⟨

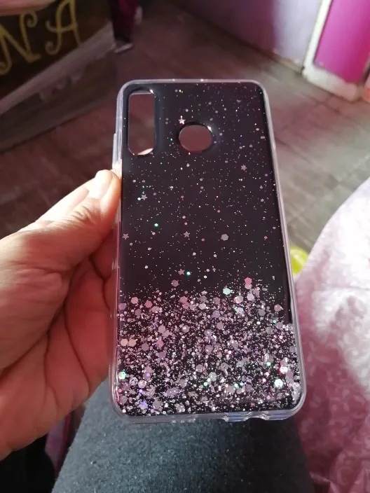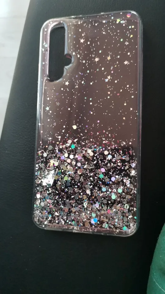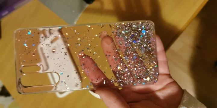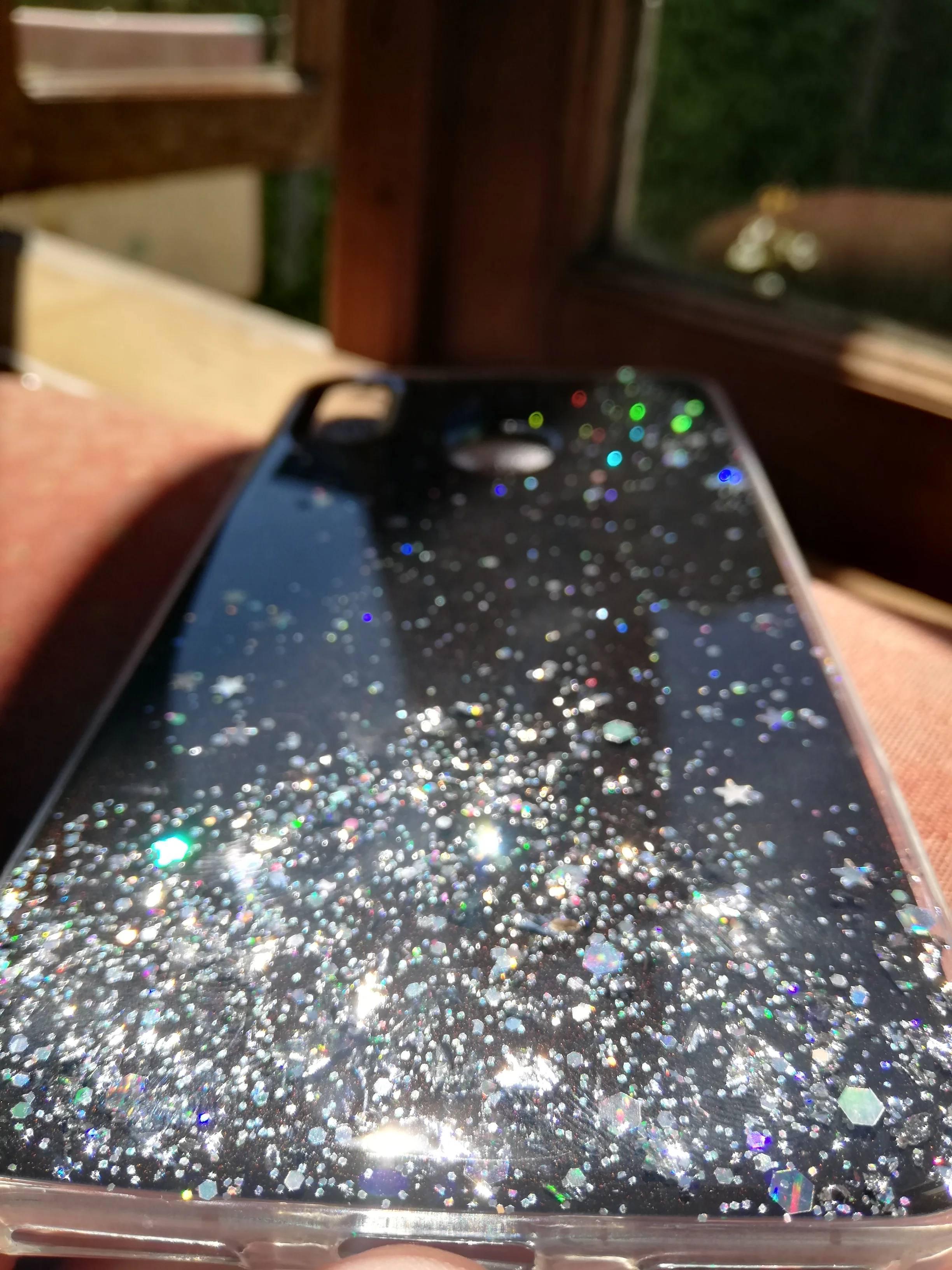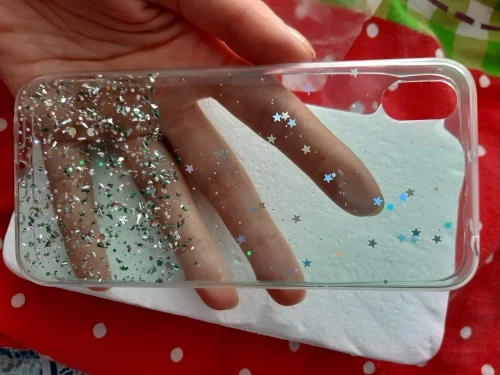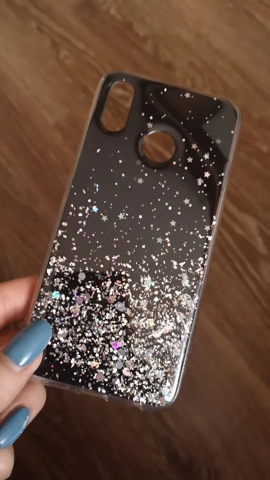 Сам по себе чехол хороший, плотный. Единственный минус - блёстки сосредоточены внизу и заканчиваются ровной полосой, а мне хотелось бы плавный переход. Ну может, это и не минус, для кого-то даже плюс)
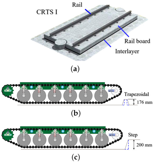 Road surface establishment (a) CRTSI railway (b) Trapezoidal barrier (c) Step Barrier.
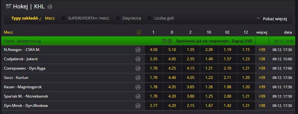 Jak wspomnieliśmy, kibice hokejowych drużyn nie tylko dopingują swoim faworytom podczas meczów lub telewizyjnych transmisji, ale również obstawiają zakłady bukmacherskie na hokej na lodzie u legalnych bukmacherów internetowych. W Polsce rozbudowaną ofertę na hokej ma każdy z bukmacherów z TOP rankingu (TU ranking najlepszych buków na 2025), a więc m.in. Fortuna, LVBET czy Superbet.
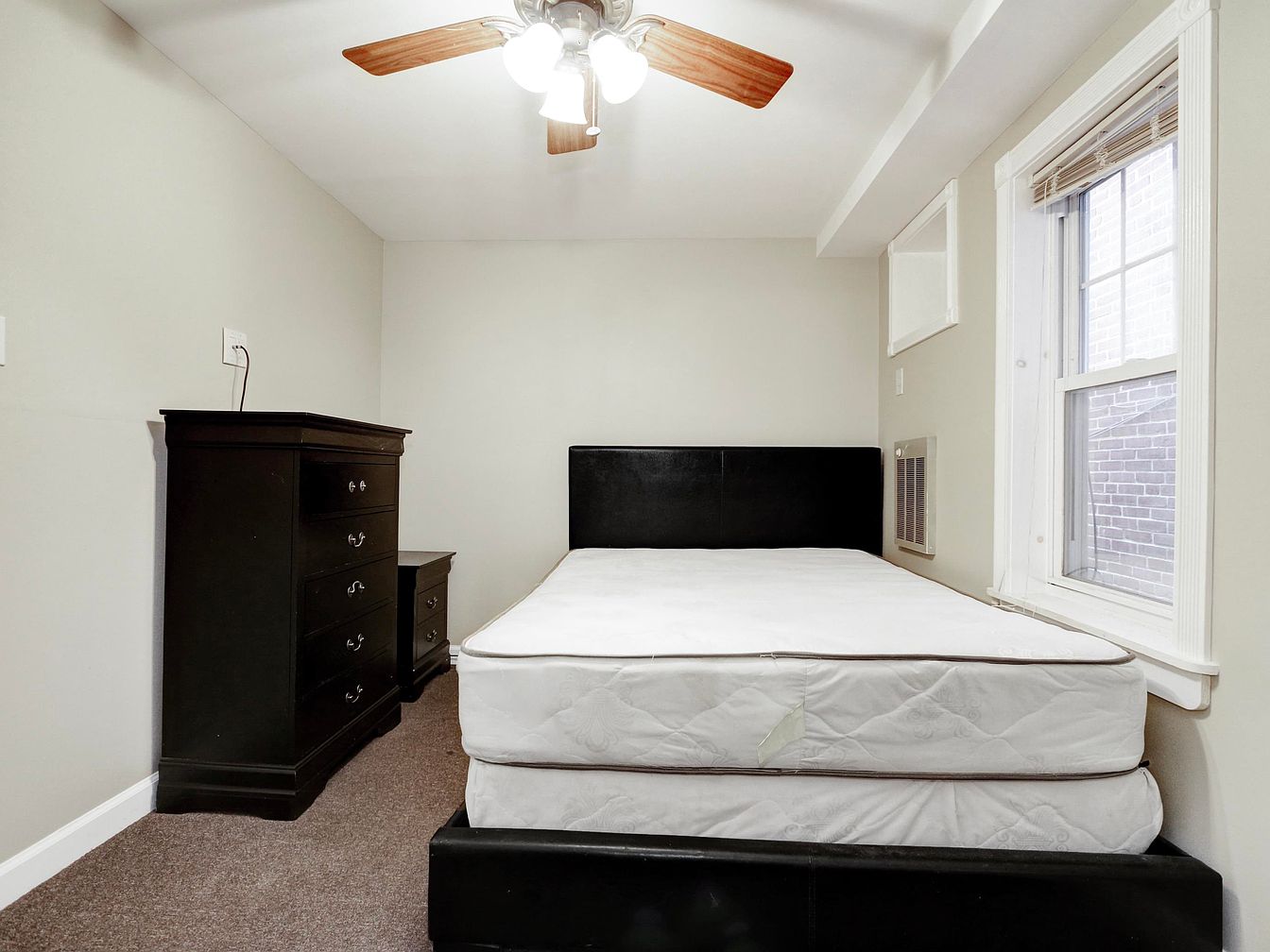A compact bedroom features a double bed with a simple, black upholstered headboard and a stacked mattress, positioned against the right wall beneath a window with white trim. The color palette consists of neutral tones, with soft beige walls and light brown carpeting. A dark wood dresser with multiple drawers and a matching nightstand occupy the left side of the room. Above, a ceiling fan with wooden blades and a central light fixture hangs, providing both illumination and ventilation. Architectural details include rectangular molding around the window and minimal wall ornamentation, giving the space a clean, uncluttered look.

⟩

Work request: Restate the material word for word from its first line through the line containing "Road surface establishment", both included; the pictures do not belong in it.

Result for this exercise:
 Сам по себе чехол хороший, плотный. Единственный минус - блёстки сосредоточены внизу и заканчиваются ровной полосой, а мне хотелось бы плавный переход. Ну может, это и не минус, для кого-то даже плюс)
 Road surface establishment (a) CRTSI railway (b) Trapezoidal barrier (c) Step Barrier.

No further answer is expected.